PHOTOGRAPHER'S JOURNAL:  Many of the photographs I take are initiated by a tacit, "Once upon a time," and because they are photographs that capture an instant, there is often little narrative to color the melancholy initiated by that well-worn phrase. For me the melancholy of Hanover Hill Farm connects to the years in which my camera and I skirted its borders to catch its distant gloom, and to the years after the barns burned when I could get onto the property for angles on the ruins. This one was taken in December of 2011, and I recall the walk and my hope to capture a sunrise or sunset shot from this wrinkle in the corn field. Just at this point the land dipped and the wall permitted a view of the ruined house. I never did catch it in sunset or sunrise light before it was bulldozed. My "Once upon a time..." was filled only with land, houses and barns that clearly proclaimed something large and earnest once went on here, something that would have grabbed the attention of all passers by. That it was distantly visible from surrounding hillsides enlarged its mysteries. Occasionally I struggled to write down my, "What if's."

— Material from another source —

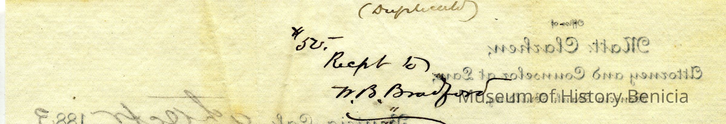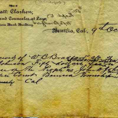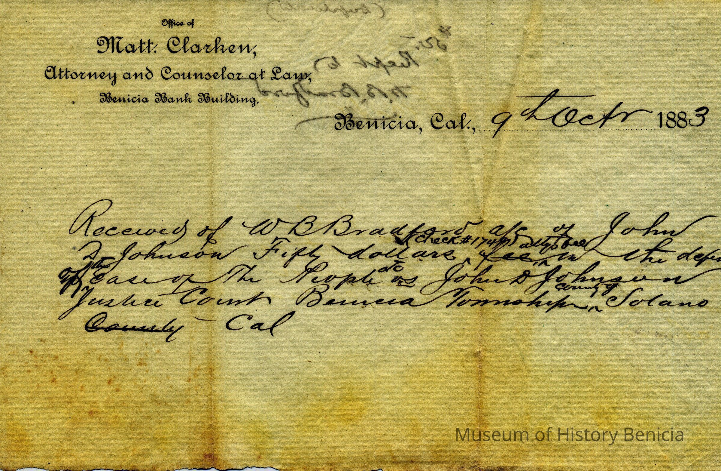 A receipt from Matt Clarken to W. B. Bradford for receipt of $50. The payment was for Mr. Clarken's defense of Mr. Bradford in a case of the People vs John D Johnson in the Justice Court of Benicia Township, Solano County. The receipt is dated Oct. 9, 1883.

A year ago I received a call from a gentleman inquiring if I had any photographs of the farm. I guess he was a cattleman, knew the history of Hanover Hill and Peter Heffering who ran it. How between 1968 and 1973 Peter Haffering rented the property and established himself as a legend in breeding Holstein cattle, before taking his operation to Canada. The gentleman had contacted me seeking a suitable photograph as a personal memorial to Heffering's work. For him, this was sacred property. For me, learning a bit of the story and learning of the man's reverence deepened the colors of my, "Once upon a time..." though the image was already fixed in a place apart from Heffering's Hanover Hill.

You can read more about Peter Heffering and Hanover Hill: here.



2 comments:

Ginnie said...

I love the way you write about your images, Ted. You really could write photo books of all these places!

Emery Roth II said...

Thank you, Ginnie. Your comment is most appreciated. Over the years I have become more serious about the text accompanying each image, and it is often finding the right text that delays my posts.

You also write well, and I have a hunch you know that the tough part is getting down to honest thought and language. For me it is always a process of refining and simplifying, thuogh that may seem at odds with some of my sentences which are anything but simple. Hmmm. That's not quite the honest truth. Most often that hardest part is the first words. Then one only has to stay honest, not find honesty.